Files already downloaded and verified


In [14]:
##########################
### Model
##########################


from deterministic_benchmark_utils import resnet101




model = resnet101(num_classes, grayscale=False)

model = model.to(DEVICE)
optimizer = torch.optim.Adam(model.parameters(), lr=learning_rate)

In [15]:
train_classifier_simple_v1(num_epochs=num_epochs, model=model, 
                           optimizer=optimizer, device=DEVICE, 
                           train_loader=train_loader, valid_loader=valid_loader, 
                           logging_interval=200)
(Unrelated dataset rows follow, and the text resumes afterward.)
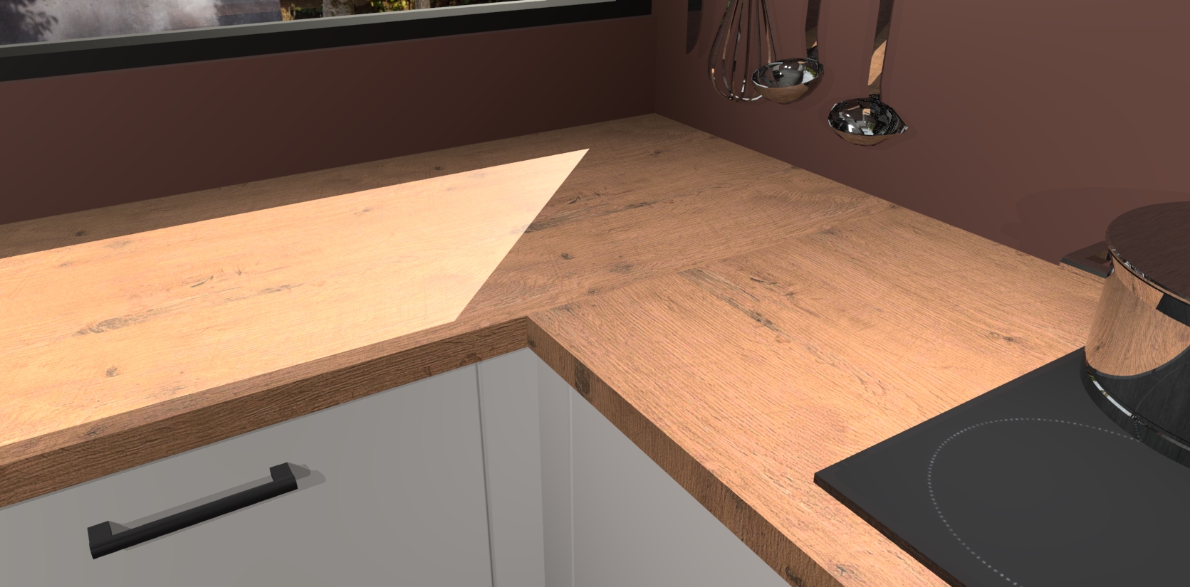- Bij een hoekwerkblad zijn de hoeken in gevreesd en op maat gemaakt
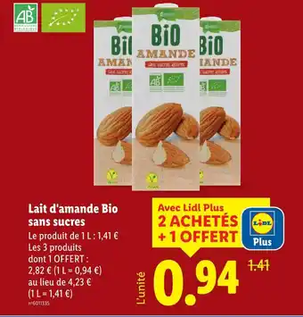 Actuellement en offre chez Lidl : Vemondo lait d'amande bio sans sucres ✅ Valable du 5-02 au 11-02.
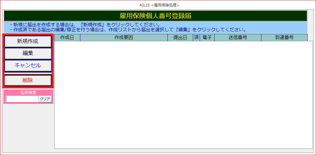提出画面では申請日・登録・変更日と備考を記録できますので、必要に応じてご利用ください。
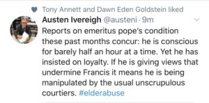 Go here to read the rest.  Pope Benedict is to blame for resigning, the Conclave of 2013 is to blame for choosing Pope Francis and Pope Francis is to blame for being one of the worst popes in the history of the Church.  What an unholy mess.  The Francis sycophants are reacting just the  way one would expect.
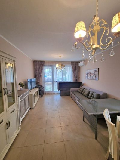 The apartment with a total area of 62.05 m² is located on the ground floor. It consists of a hallway, a living room with a kitchen area, a bathroom, and a large terrace. The apartment is furnished with high-quality furniture and all necessary appliances. It offers a view of the complex's grounds.
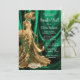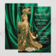 Convite de bola de tênis verde esmeralda e dourado com lindo vestido dourado e tênis em um belo fundo verde esmeralda. Você pode alterar o texto conforme necessário para o seu evento. Imprima em papel brilhante para obter os melhores resultados.
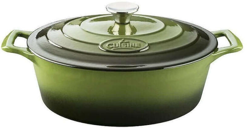 Zománcozott öntöttvas ovál lábas fedővel 26 cm zöld: Tartós és stílusos lábas, melyet zománcozott öntöttvasból készítettek. Kiváló hőelosztással rendelkezik, így egyenletesen főzhetünk benne. A fedő segít megtartani az ízeket és a nedvességet. A zöld szín elegáns megjelenést kölcsönöz a konyhának. Ideális választás minden házi szakács számára.
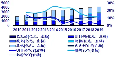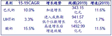 我国乳制品消费以白奶和酸奶为主,2019年乳品行业零售额为4196亿元。巴氏奶加速增长,酸奶增速放缓,UHT奶步入成熟期。
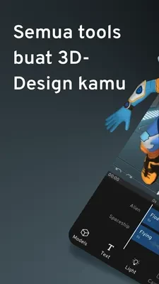 Berbagai tool dasar untuk modeling, animasi, serta pengaturan objek sudah tersedia di dalam satu workspace. Dengan desain yang simpel namun lengkap, proses pembuatan model menjadi lebih efisien dan nyaman dilakukan, bahkan di layar perangkat yang relatif kecil seperti smartphone.
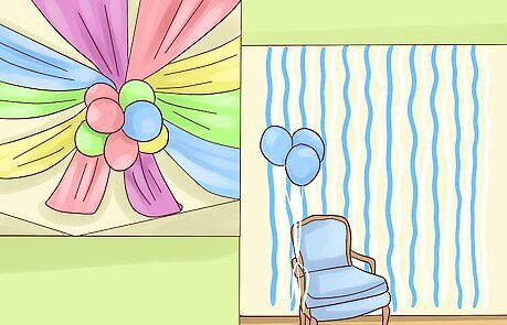 Decorate the walls and ceiling. The walls and ceiling are the next thing you'll need to think about. Things like streamers, wall hangings and mobiles can really transform the look of the room and make the baby shower extra special. Themed baby shower streamers are available from most party supply stores, in a vast array of colors and designs. Alternatively, you could make your own flag garland from scraps of colored or patterned fabric, for a more personal, traditional touch. Another very cute idea is to hang a clothesline from one side of the room to the other and use safety pins or old-fashioned clothes pegs to hang baby clothes such as baby grows, booties, socks and bibs. Another option is to hang mobiles from the ceiling - these can be actual baby mobiles, or paper ones in the shape of flowers, hearts or baby accessories like rattles, baby bottles and pacifiers. For the walls, you can hang more banners or flag garlands, put up framed photographs of the mother and father-to-be as babies, or hang posters related to your theme, such as stills from specific films (for movie themes), or images of baby animals (for jungle themes). Another great idea is to hang swathes of tulle along the walls, from floor to ceiling. This creates a pretty, almost ethereal effect which transforms the entire room. Stringing fairy lights across the tulle will add to this effect even more.
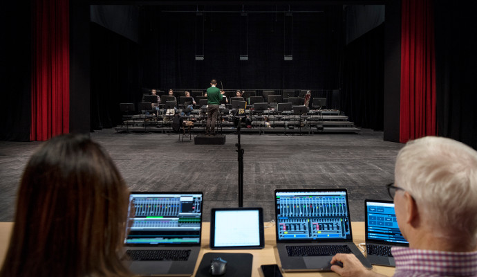 Now with a simple tap on a touchscreen, acoustics can be optimized for lectures, dramatic theater, opera, chamber music, or a symphony orchestra. The system also affords expanded opportunities for student experimentations in electronic music with dynamic 3D spatialization.
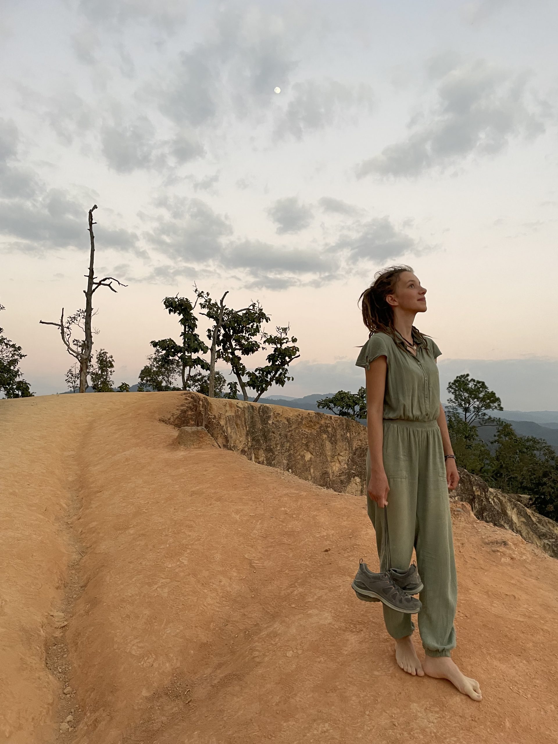 Wir haben uns im Auto kurz gestärkt, haben unsere Wasserflaschen aufgefüllt und sind dann zum Sonnenuntergang wieder auf das erste große Plateau gestiegen. Zu dieser Zeit war es dort oben deutlich voller und es gab dementsprechend auch mehr Menschen in unpassender Kleidung. Für den ersten Teil, die Treppe, sind Kleid und Flip-Flops zwar kein Problem, aber auf sandigen, schmalen Wegen mit solchen Schuhen herumlaufen? Ich hätte zu viel Angst damit auszurutschen! Wir sind noch ein Stück weiter gewandert und geklettert, bis wir einen ruhigeren Blick auf den Sonnenuntergang hatten. Zu sehen, wie die Sonne hinter den Bergen verschwindet ist schon etwas Besonderes, auch wenn ich mich in der letzten Woche fast daran gewöhnt hätte.
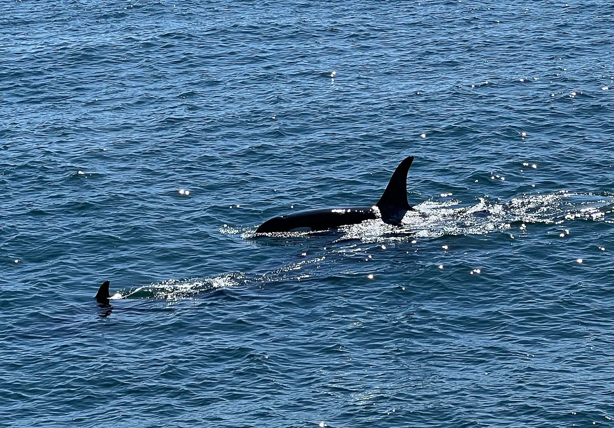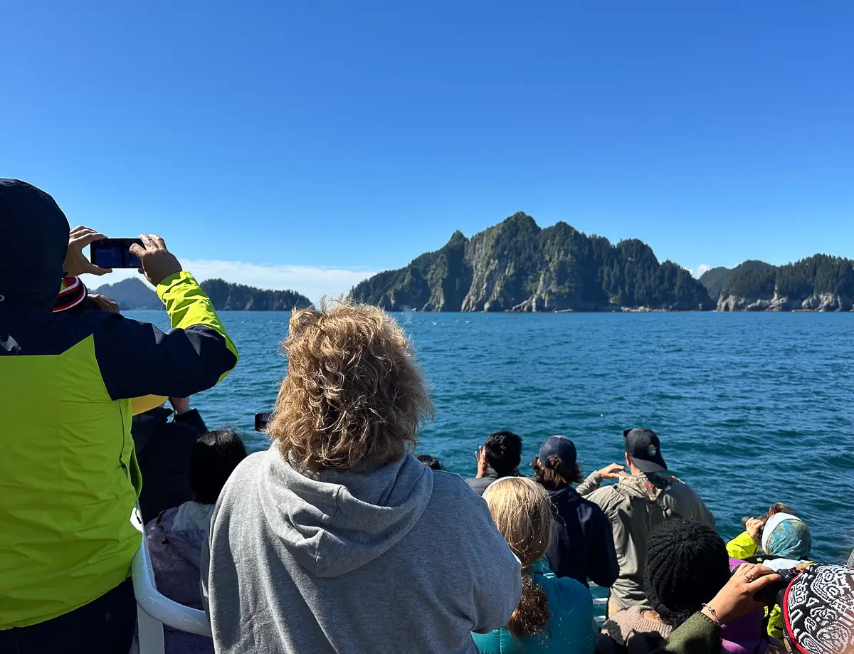 It turned out to be a beautiful day out on beautiful Resurrection Bay, but the boat was full. When we came across the whales playing I was in the wrong place for photos and only saw glimpses. However one of our group was kind enough to share their photo.

Epoch: 001/050 | Batch 0000/0352 | Loss: 2.6711
Epoch: 001/050 | Batch 0200/0352 | Loss: 3.3140
Epoch: 001/050 | Train Acc.: 24.200% |  Loss: 2.016
Epoch: 001/050 | Validation Acc.: 23.920% |  Loss: 1.993
Time elapsed: 1.25 min
Epoch: 002/050 | Batch 0000/0352 | Loss: 1.8132
Epoch: 002/050 | Batch 0200/0352 | Loss: 1.6629
Epoch: 002/050 | Train Acc.: 36.464% |  Loss: 1.664
Epoch: 002/050 | Validation Acc.: 35.900% |  Loss: 1.637
Time elapsed: 2.49 min
Epoch: 003/050 | Batch 0000/0352 | Loss: 1.5070
Epoch: 003/050 | Batch 0200/0352 | Loss: 1.4028
Epoch: 003/050 | Train Acc.: 44.527% |  Loss: 1.565
Epoch: 003/050 | Validation Acc.: 43.400% |  Loss: 1.571
Time elapsed: 3.74 min
Epoch: 004/050 | Batch 0000/0352 | Loss: 1.3491
Epoch: 004/050 | Batch 0200/0352 | Loss: 1.4037
Epoch: 004/050 | Train Acc.: 51.798% |  Loss: 1.318
Epoch: 004/050 | Validation Acc.: 50.020% |  Loss: 1.361
Time elapsed: 4.98 min
Epoch: 005/050 | Batch 0000/0352 | Loss: 1.2558
Epoch: 005/050 | Batch 0200/0352 | Loss:

# 4) Result

In this particular case, the deterministic behavior does not seem to influence performance noticeably.